[[ The data open ]]
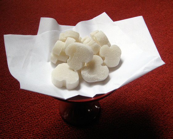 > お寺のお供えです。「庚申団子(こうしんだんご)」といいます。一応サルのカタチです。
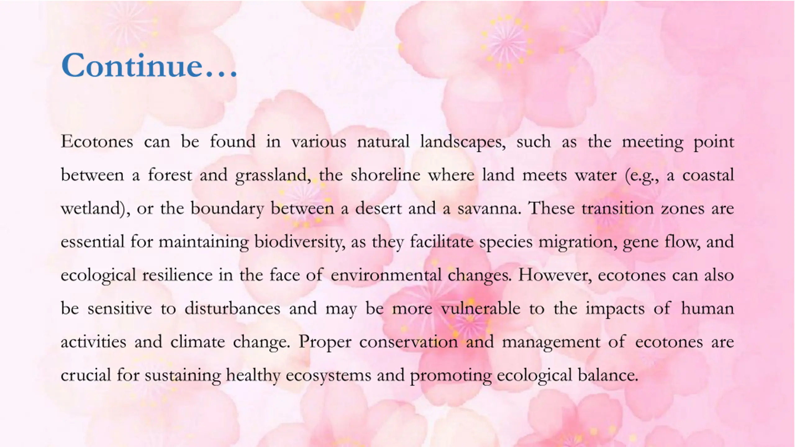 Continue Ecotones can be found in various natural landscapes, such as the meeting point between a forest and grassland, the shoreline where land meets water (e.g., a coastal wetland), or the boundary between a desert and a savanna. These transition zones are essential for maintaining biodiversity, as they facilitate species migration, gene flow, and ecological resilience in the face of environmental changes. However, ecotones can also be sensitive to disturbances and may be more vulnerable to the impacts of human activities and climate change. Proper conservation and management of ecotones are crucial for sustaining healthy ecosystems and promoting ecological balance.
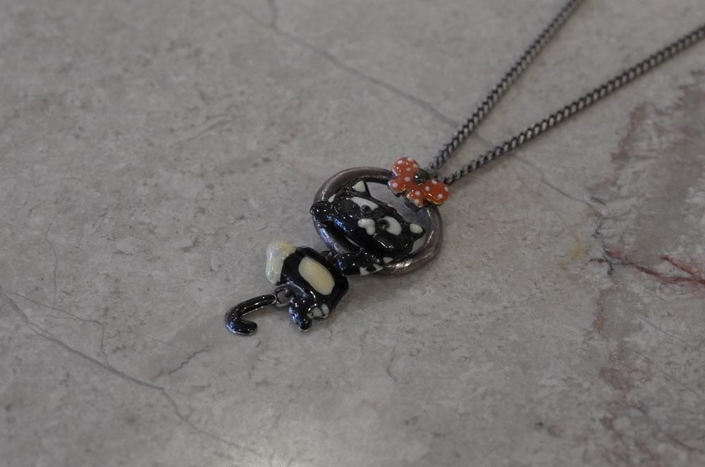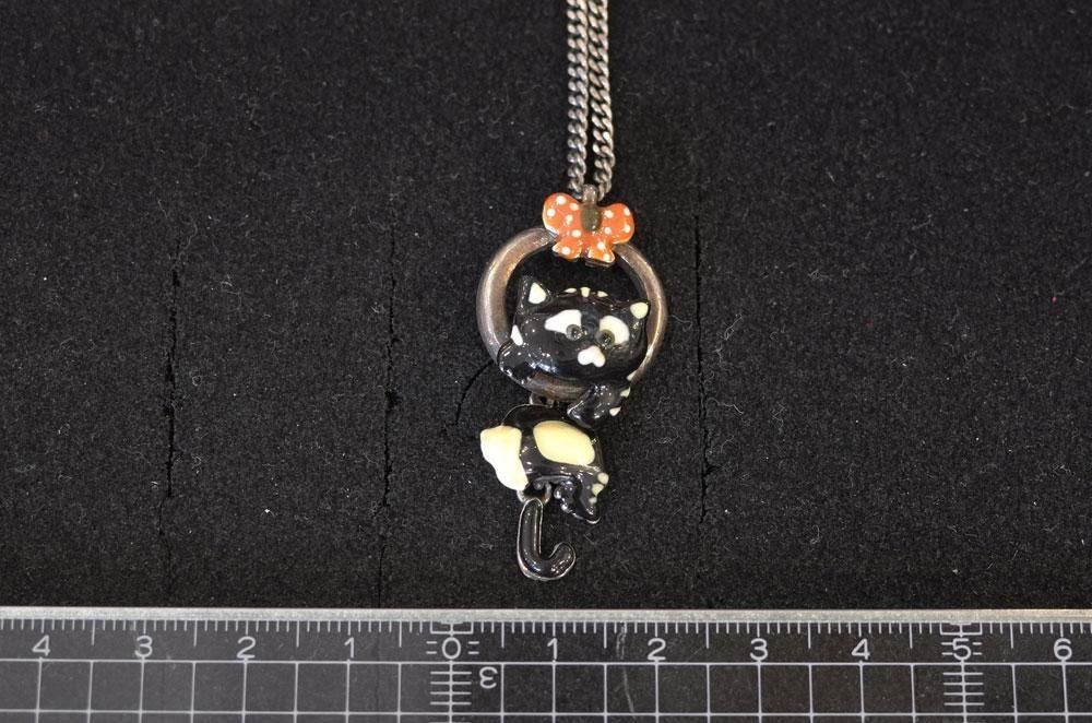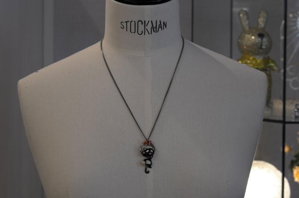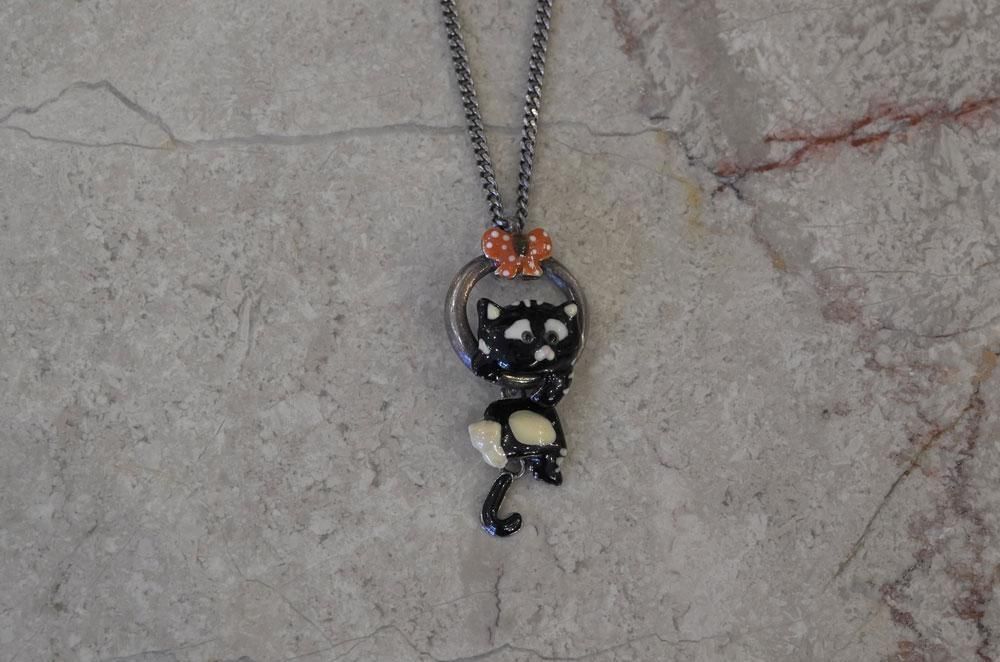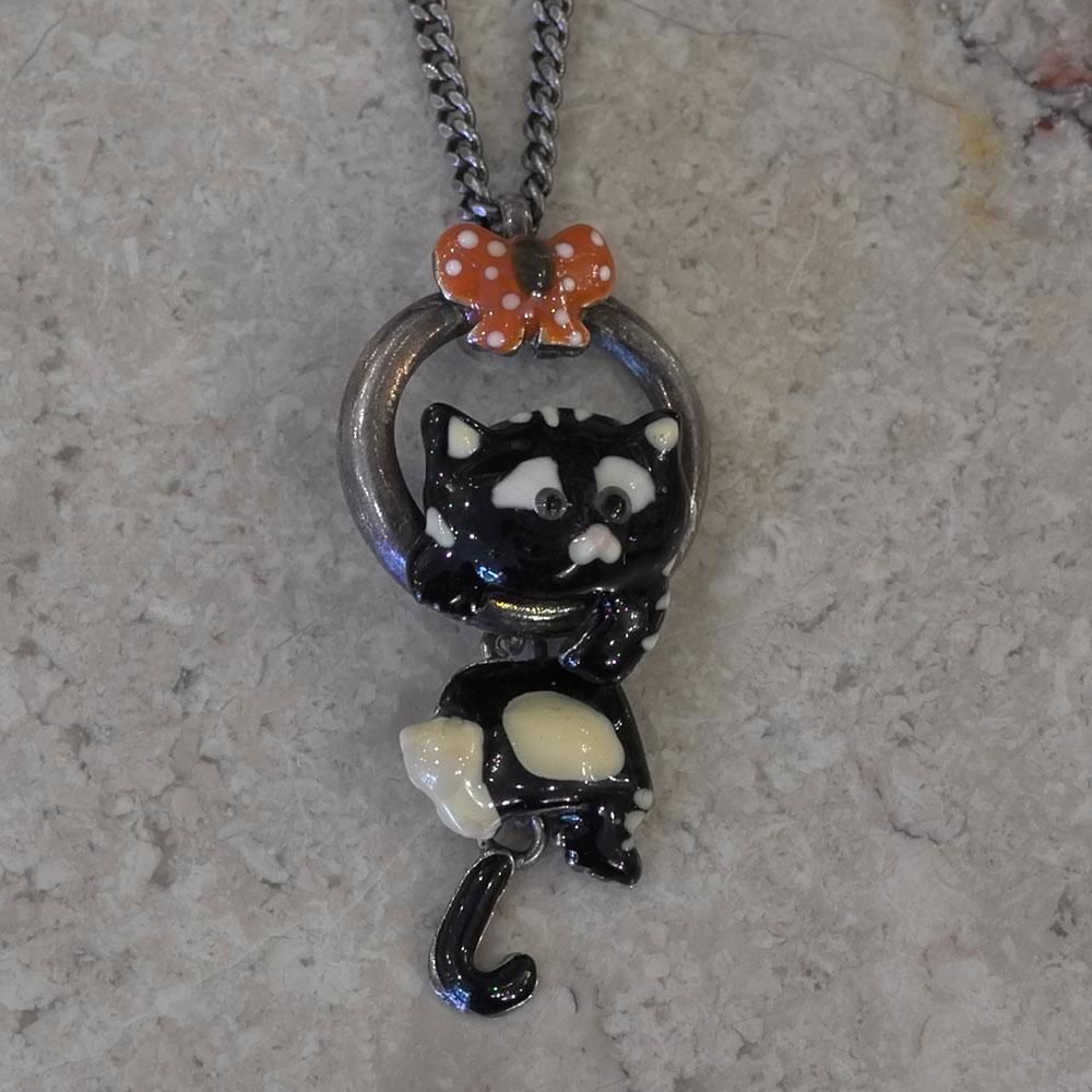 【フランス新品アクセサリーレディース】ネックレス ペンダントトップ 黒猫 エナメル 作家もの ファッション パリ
[[ The data closed ]]
To do ▸
Copy out the lines above in full and unaltered, apart from the pictures.

Answer box ▸
 > お寺のお供えです。「庚申団子(こうしんだんご)」といいます。一応サルのカタチです。
 Continue Ecotones can be found in various natural landscapes, such as the meeting point between a forest and grassland, the shoreline where land meets water (e.g., a coastal wetland), or the boundary between a desert and a savanna. These transition zones are essential for maintaining biodiversity, as they facilitate species migration, gene flow, and ecological resilience in the face of environmental changes. However, ecotones can also be sensitive to disturbances and may be more vulnerable to the impacts of human activities and climate change. Proper conservation and management of ecotones are crucial for sustaining healthy ecosystems and promoting ecological balance.
 【フランス新品アクセサリーレディース】ネックレス ペンダントトップ 黒猫 エナメル 作家もの ファッション パリ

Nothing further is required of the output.